DATA IN THIS EXERCISE

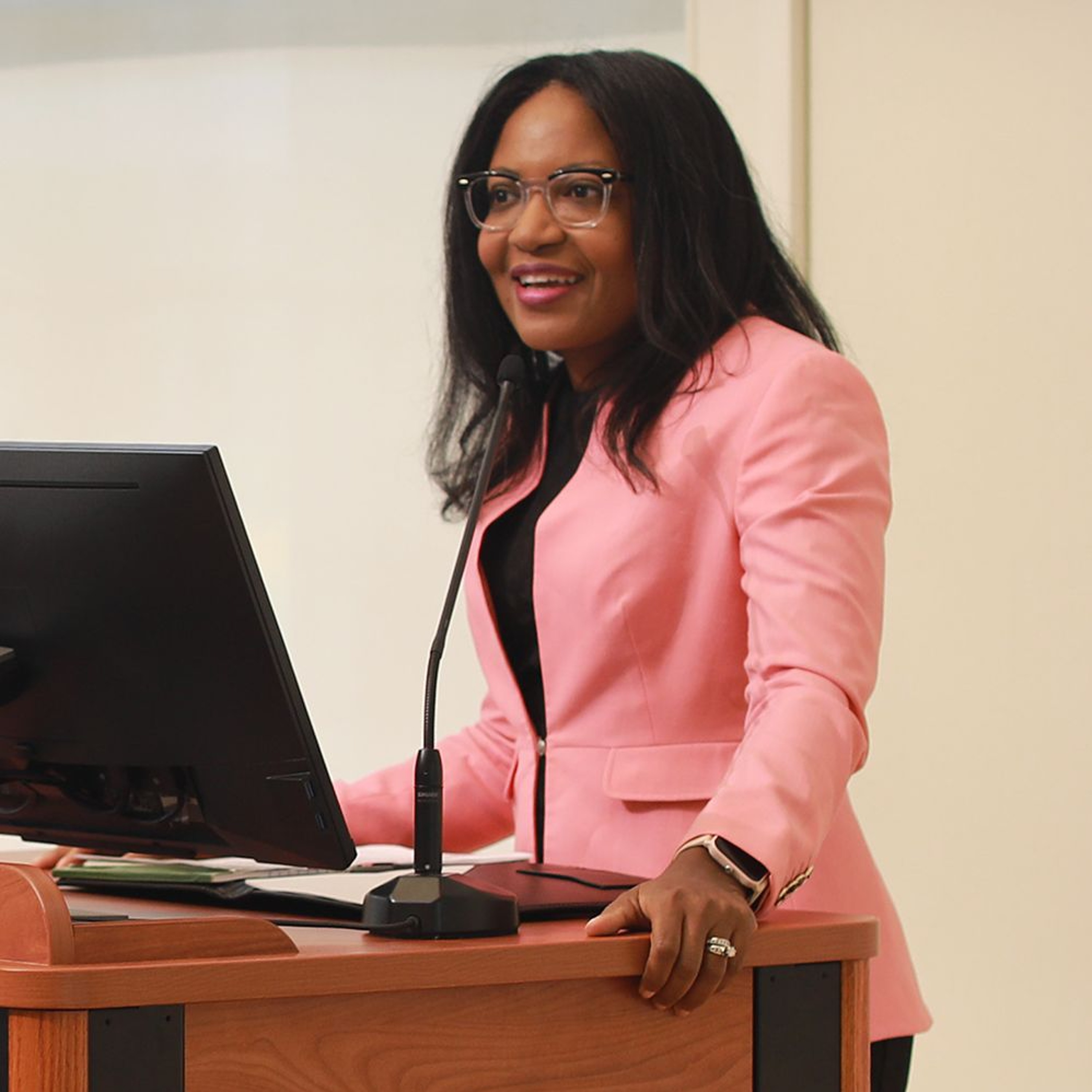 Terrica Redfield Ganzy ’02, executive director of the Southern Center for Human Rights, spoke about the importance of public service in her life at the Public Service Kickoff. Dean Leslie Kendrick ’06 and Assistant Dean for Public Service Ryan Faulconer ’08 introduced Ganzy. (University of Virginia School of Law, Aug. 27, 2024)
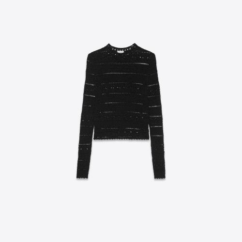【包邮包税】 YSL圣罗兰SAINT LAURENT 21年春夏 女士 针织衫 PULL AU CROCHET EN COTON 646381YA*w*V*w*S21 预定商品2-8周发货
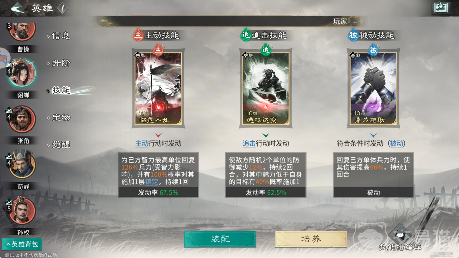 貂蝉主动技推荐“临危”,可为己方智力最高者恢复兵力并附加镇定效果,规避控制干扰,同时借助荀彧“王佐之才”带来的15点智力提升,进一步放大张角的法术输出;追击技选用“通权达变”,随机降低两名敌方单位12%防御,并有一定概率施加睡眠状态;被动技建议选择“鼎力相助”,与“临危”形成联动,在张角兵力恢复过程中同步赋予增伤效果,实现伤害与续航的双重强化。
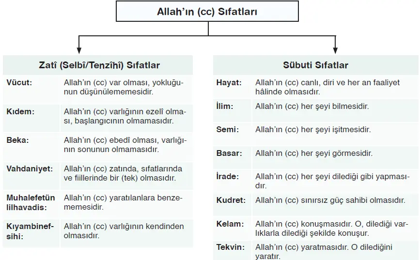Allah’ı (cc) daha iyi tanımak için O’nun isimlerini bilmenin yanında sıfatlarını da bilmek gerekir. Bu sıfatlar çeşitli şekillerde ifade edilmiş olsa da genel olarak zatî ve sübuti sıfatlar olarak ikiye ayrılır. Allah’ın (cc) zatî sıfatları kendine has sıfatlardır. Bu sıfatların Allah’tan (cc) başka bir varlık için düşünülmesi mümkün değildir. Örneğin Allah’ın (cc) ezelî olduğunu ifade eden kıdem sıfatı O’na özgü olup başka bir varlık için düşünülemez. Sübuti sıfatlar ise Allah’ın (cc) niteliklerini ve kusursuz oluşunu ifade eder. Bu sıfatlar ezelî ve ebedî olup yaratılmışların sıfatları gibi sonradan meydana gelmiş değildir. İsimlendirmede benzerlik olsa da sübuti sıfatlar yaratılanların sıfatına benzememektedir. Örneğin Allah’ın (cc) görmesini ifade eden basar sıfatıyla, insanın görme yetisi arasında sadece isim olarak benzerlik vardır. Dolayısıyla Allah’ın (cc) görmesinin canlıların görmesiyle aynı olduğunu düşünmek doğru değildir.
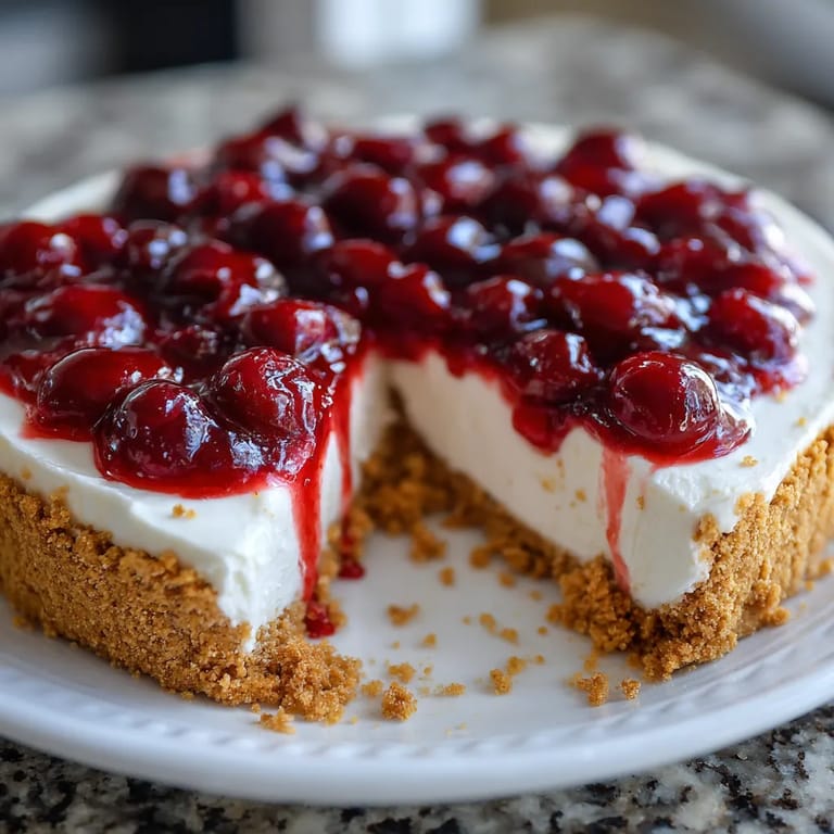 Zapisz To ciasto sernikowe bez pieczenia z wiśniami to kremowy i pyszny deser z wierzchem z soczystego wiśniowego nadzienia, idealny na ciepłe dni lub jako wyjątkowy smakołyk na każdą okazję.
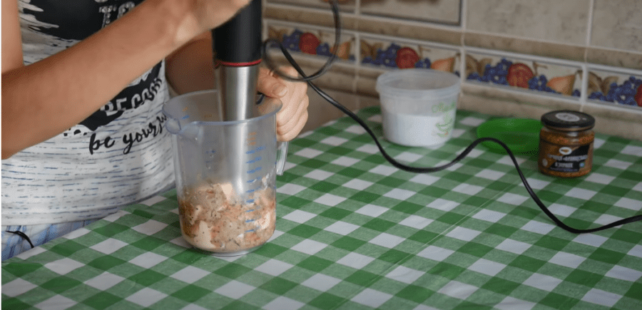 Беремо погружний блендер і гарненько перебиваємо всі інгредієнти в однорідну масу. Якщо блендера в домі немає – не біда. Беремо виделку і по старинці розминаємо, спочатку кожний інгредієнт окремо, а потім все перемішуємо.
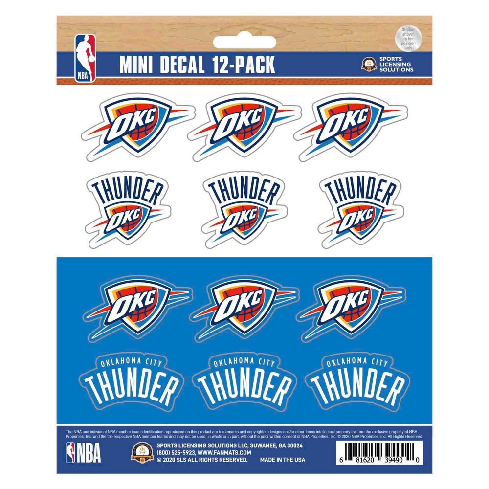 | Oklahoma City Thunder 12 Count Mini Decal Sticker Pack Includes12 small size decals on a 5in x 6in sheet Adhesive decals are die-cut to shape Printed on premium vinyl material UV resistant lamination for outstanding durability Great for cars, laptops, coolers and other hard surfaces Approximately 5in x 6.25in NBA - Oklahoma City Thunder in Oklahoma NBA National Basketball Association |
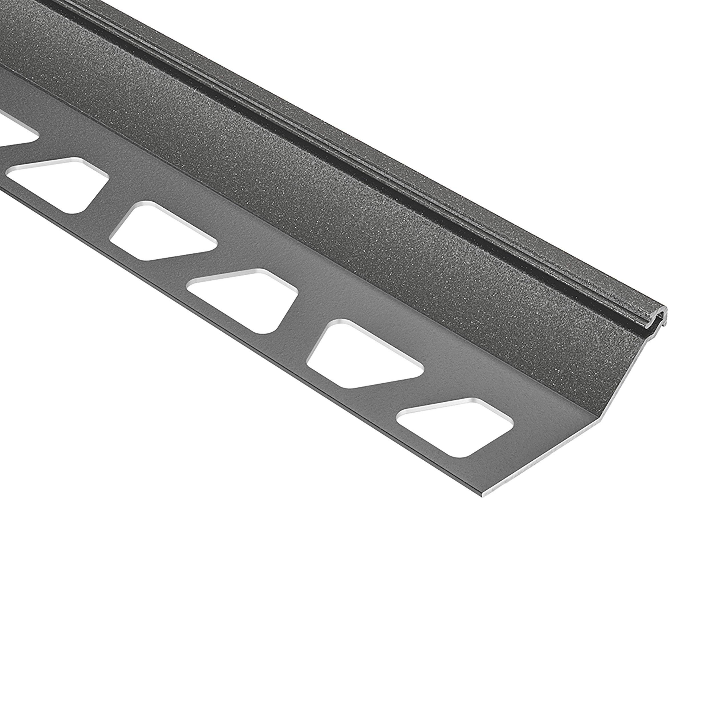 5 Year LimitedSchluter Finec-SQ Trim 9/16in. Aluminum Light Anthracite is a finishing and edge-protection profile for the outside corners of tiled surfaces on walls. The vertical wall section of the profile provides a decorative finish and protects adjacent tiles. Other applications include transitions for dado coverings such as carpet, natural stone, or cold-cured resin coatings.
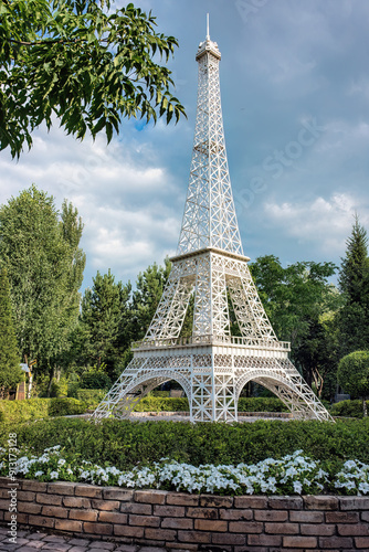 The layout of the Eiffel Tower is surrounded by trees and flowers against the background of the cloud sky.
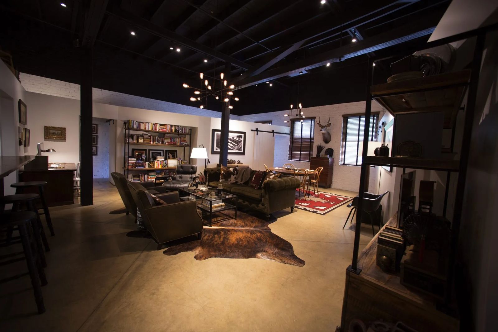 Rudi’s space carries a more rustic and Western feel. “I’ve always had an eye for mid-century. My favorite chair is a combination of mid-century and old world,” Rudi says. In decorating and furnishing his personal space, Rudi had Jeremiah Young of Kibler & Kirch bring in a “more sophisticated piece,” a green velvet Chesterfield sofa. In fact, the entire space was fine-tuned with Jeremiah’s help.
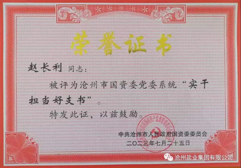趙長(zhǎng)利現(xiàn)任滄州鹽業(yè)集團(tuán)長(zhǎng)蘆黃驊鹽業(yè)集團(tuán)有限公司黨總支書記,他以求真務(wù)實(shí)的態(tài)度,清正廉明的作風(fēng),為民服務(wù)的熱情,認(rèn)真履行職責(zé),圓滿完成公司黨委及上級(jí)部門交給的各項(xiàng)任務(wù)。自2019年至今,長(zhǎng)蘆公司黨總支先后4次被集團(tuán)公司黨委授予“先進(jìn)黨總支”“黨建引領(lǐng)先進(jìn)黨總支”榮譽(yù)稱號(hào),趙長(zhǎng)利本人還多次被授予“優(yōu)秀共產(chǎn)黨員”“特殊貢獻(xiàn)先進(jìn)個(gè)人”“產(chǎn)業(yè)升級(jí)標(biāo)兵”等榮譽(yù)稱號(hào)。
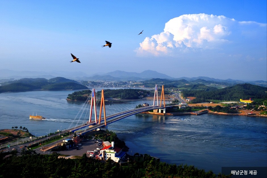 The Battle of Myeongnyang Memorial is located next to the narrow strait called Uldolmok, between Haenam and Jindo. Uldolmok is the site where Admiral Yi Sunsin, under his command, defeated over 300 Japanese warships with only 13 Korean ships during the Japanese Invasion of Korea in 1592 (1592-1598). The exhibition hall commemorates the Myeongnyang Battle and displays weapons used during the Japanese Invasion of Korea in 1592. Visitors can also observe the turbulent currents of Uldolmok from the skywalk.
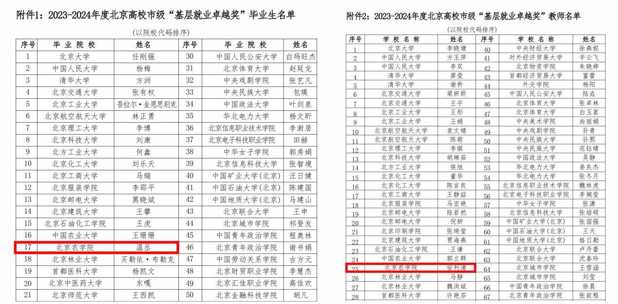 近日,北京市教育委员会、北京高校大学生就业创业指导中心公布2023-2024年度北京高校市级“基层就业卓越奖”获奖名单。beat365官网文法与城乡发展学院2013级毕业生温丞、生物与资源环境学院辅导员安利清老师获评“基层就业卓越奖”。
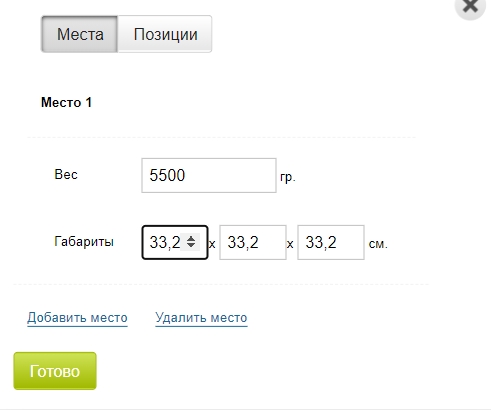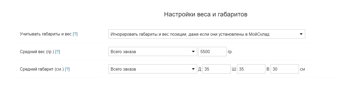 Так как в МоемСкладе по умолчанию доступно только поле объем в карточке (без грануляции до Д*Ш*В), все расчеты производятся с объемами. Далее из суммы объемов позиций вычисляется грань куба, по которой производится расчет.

EXERCISE DETAILS
When you reach the line containing "5 Year LimitedSchluter" in the listing above, reproduce it and every line after it through the last, exactly; omit the pictures.

ANSWER SPACE
 5 Year LimitedSchluter Finec-SQ Trim 9/16in. Aluminum Light Anthracite is a finishing and edge-protection profile for the outside corners of tiled surfaces on walls. The vertical wall section of the profile provides a decorative finish and protects adjacent tiles. Other applications include transitions for dado coverings such as carpet, natural stone, or cold-cured resin coatings.
 The layout of the Eiffel Tower is surrounded by trees and flowers against the background of the cloud sky.
 Rudi’s space carries a more rustic and Western feel. “I’ve always had an eye for mid-century. My favorite chair is a combination of mid-century and old world,” Rudi says. In decorating and furnishing his personal space, Rudi had Jeremiah Young of Kibler & Kirch bring in a “more sophisticated piece,” a green velvet Chesterfield sofa. In fact, the entire space was fine-tuned with Jeremiah’s help.
趙長(zhǎng)利現(xiàn)任滄州鹽業(yè)集團(tuán)長(zhǎng)蘆黃驊鹽業(yè)集團(tuán)有限公司黨總支書記,他以求真務(wù)實(shí)的態(tài)度,清正廉明的作風(fēng),為民服務(wù)的熱情,認(rèn)真履行職責(zé),圓滿完成公司黨委及上級(jí)部門交給的各項(xiàng)任務(wù)。自2019年至今,長(zhǎng)蘆公司黨總支先后4次被集團(tuán)公司黨委授予“先進(jìn)黨總支”“黨建引領(lǐng)先進(jìn)黨總支”榮譽(yù)稱號(hào),趙長(zhǎng)利本人還多次被授予“優(yōu)秀共產(chǎn)黨員”“特殊貢獻(xiàn)先進(jìn)個(gè)人”“產(chǎn)業(yè)升級(jí)標(biāo)兵”等榮譽(yù)稱號(hào)。
 The Battle of Myeongnyang Memorial is located next to the narrow strait called Uldolmok, between Haenam and Jindo. Uldolmok is the site where Admiral Yi Sunsin, under his command, defeated over 300 Japanese warships with only 13 Korean ships during the Japanese Invasion of Korea in 1592 (1592-1598). The exhibition hall commemorates the Myeongnyang Battle and displays weapons used during the Japanese Invasion of Korea in 1592. Visitors can also observe the turbulent currents of Uldolmok from the skywalk.
 近日,北京市教育委员会、北京高校大学生就业创业指导中心公布2023-2024年度北京高校市级“基层就业卓越奖”获奖名单。beat365官网文法与城乡发展学院2013级毕业生温丞、生物与资源环境学院辅导员安利清老师获评“基层就业卓越奖”。
 Так как в МоемСкладе по умолчанию доступно только поле объем в карточке (без грануляции до Д*Ш*В), все расчеты производятся с объемами. Далее из суммы объемов позиций вычисляется грань куба, по которой производится расчет.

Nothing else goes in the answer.